Dataset records
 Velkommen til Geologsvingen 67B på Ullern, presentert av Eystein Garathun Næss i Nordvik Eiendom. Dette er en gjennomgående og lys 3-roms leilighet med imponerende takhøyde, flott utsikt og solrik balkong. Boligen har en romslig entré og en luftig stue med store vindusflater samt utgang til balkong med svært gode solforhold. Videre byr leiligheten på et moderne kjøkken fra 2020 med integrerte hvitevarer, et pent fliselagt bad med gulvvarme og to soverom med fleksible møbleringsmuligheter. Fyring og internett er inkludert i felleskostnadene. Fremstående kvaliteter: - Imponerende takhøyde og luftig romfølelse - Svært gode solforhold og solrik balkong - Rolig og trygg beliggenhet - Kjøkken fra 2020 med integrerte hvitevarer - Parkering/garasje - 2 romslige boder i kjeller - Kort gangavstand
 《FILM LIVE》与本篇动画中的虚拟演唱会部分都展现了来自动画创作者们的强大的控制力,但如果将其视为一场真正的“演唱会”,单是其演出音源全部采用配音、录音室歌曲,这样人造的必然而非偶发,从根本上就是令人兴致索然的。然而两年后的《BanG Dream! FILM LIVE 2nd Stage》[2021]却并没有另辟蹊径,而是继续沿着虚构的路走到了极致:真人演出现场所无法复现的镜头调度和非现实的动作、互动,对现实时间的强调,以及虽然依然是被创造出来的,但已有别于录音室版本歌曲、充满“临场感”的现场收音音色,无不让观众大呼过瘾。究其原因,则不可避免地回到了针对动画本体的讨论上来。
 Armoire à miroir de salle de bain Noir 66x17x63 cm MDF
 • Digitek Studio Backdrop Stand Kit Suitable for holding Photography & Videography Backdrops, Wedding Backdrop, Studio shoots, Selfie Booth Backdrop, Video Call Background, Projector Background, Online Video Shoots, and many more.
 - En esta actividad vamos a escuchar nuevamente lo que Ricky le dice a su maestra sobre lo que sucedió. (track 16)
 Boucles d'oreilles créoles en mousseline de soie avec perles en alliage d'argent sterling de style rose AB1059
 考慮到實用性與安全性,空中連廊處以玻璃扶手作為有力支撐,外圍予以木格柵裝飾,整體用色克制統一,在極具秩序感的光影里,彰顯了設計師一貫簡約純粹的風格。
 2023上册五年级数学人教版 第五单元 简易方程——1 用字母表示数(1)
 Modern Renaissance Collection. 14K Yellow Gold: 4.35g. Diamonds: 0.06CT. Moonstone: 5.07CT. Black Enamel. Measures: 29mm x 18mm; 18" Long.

◆ **Brief**
Leave out every line before the one containing "考慮到實用性與安全性,空中連". Transcribe that line and all lines after it through the end of the data above, exactly.

◆ **Written reply**
 考慮到實用性與安全性,空中連廊處以玻璃扶手作為有力支撐,外圍予以木格柵裝飾,整體用色克制統一,在極具秩序感的光影里,彰顯了設計師一貫簡約純粹的風格。
 2023上册五年级数学人教版 第五单元 简易方程——1 用字母表示数(1)
 Modern Renaissance Collection. 14K Yellow Gold: 4.35g. Diamonds: 0.06CT. Moonstone: 5.07CT. Black Enamel. Measures: 29mm x 18mm; 18" Long.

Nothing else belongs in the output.